I just thought of another really dumb thing I did, and now that I'm all healed up, 3 weeks later..... 

I have this brand-new lovely SUV, manual shift.  It's a little bit bigger than I expected, and I'm a lot bigger than average, so it's kind of hard for me to reach the parking brake when I'm sitting in the seat.  I always leave it in gear, so I'd gotten into the habit of crawling halfway into the car, then popping the brake and climbing in.   

One Sunday after church, I start climbing into the car, and pop the brake. It's slipped out of gear and starts to roll (I'm on a hill!).  I can't reach the brake pedal in time, so the car knocks me down, drags me along the parking lot a bit, then rolls over my foot and heads for the treeline!!  Fortunately, there *was* a tree in the way, and it stops the car.  I'm on the ground, surrounded by people. 

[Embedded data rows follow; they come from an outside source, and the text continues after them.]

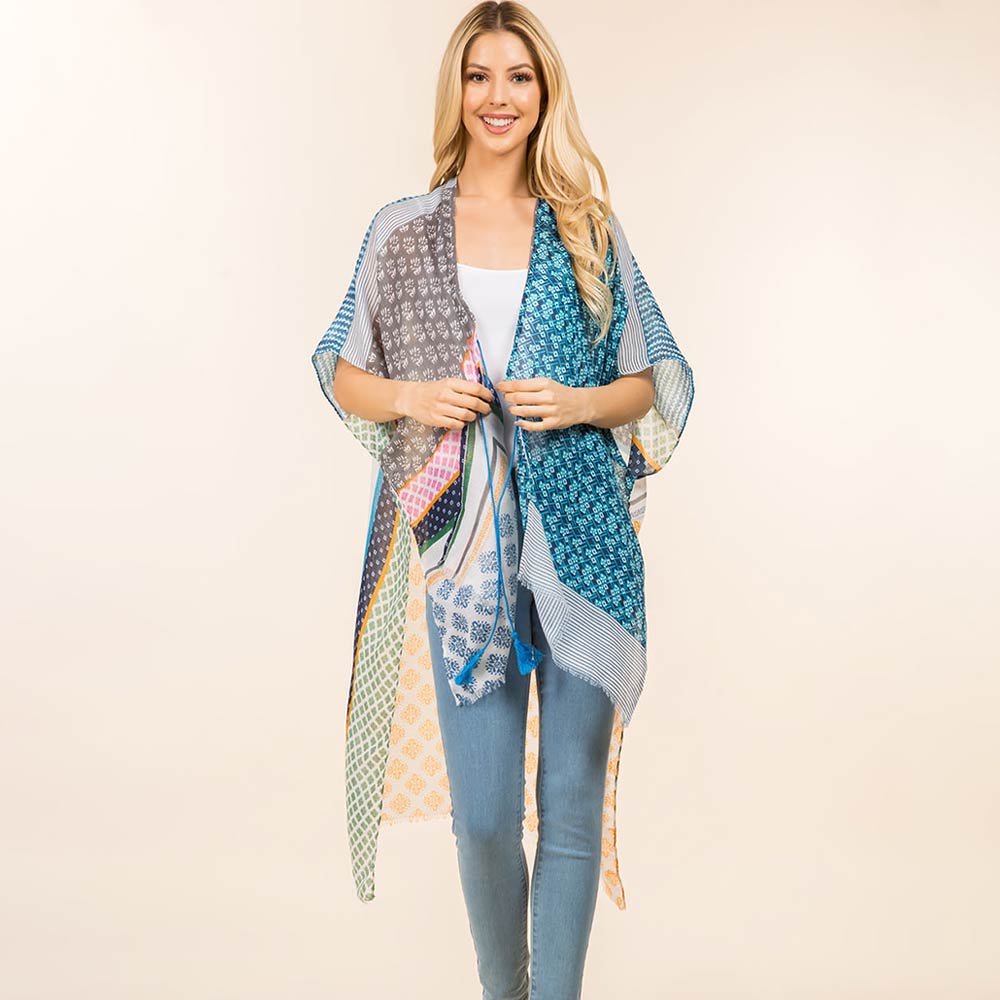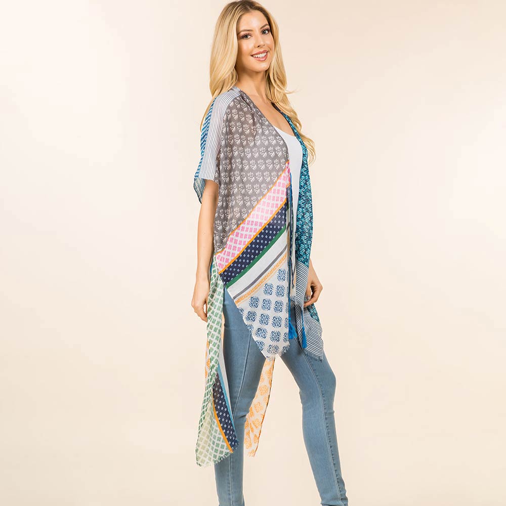 Details • Size : One Size • Material : 100% Polyester • Effortlessly elevate everyday outfits with this patchwork print open front kimono. Designed for versatile layering, it drapes beautifully over casual or dressy looks. A lightweight statement piece perfect for boutiques, seasonal styling, and trend-focused collections.
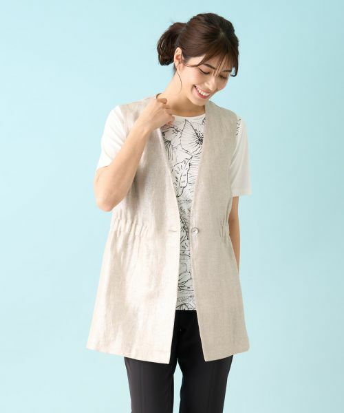 ナチュラルな麻素材にシルバーの箔プリントを施しシャイニー感を出したジレ。高めのウエスト位置に平ゴムをいれてギャザーをよせることでスタイルアップ効果も。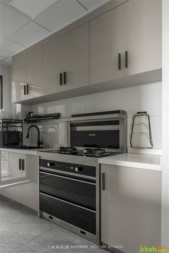 厨房设计以方便实用为主,亮面柜门便于入住后卫生打扫,一字型设计让厨房生活简洁高效,清洗+采切+烹饪区域布置合理,动态路径清晰明了,使用起来十分方便。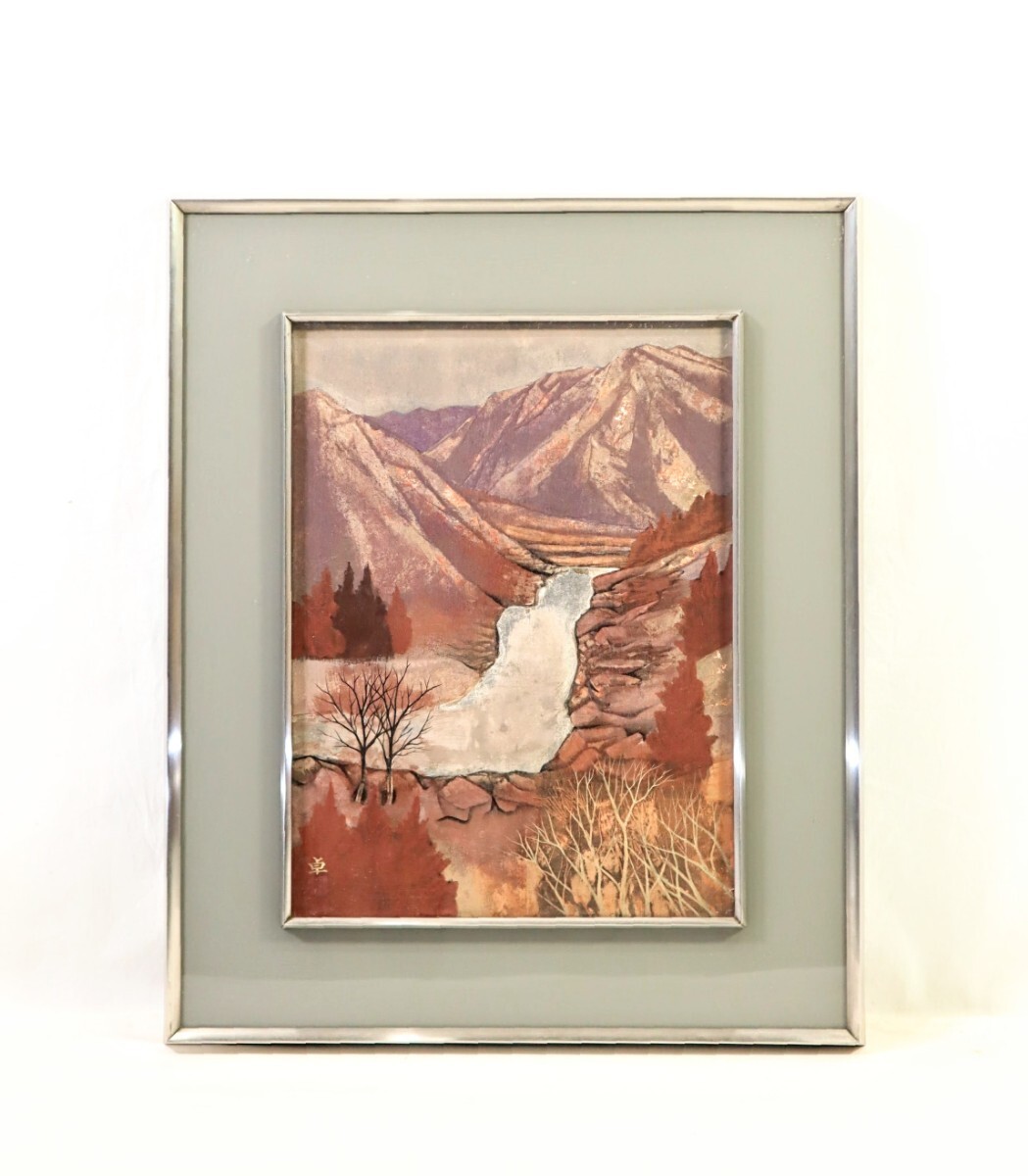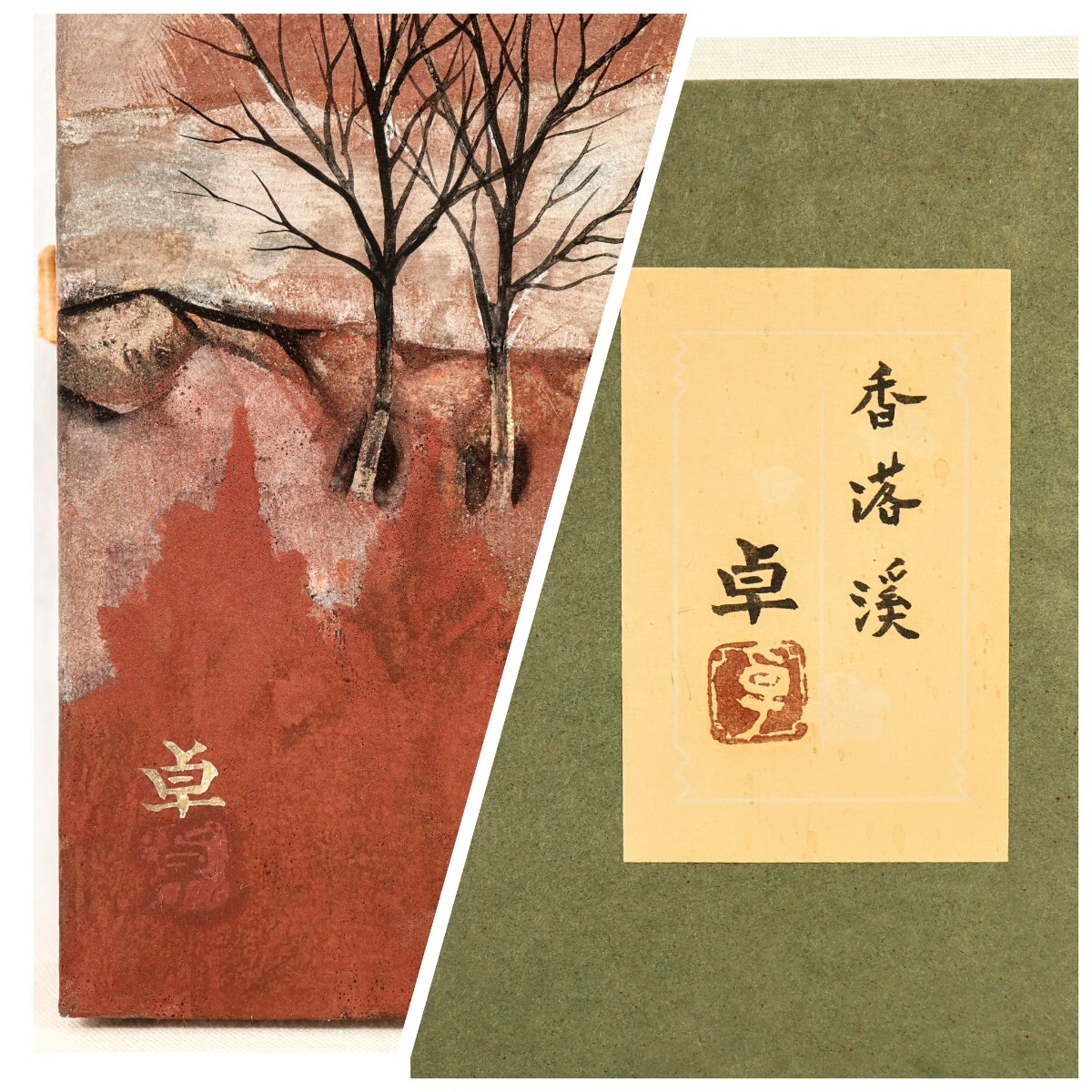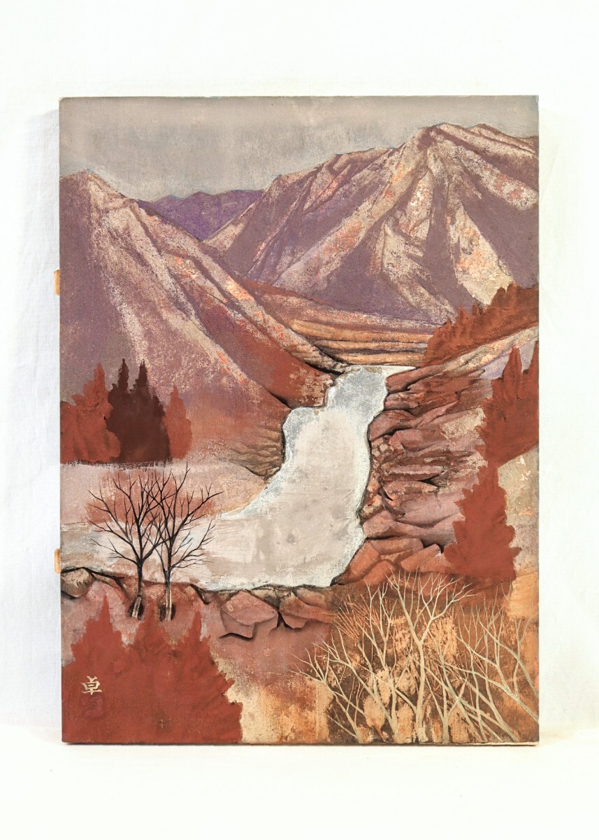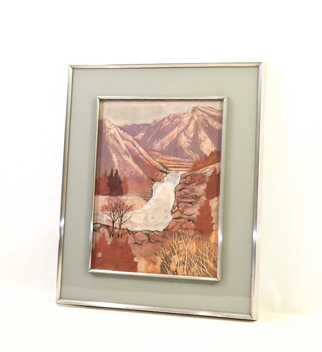 真作 上原卓 日本画「香落渓」画寸 27×36cm 京都府出身 創画会会員 京都市立芸大教授 身辺な自然を写実的に描写 三重県名張市の渓谷 10290

The car has only a small crack in the rear bumper, and I have a big ouchie on one elbow, and bruises and batterings up and down my leg, but nothing's broken!!  (I had to call my dad and thank him for the Good Genes!).   
By the way, seeing a car roll like that is only funny on America's Funniest Home Videoes.  Not so funny when it's your brand-new car!

I now have a long shoelace tied to the parking brake release lever, and I am inside the car with foot firmly on brake before pulling the string.  Don't ask me why I didn't do this 3 months ago when I bought the car!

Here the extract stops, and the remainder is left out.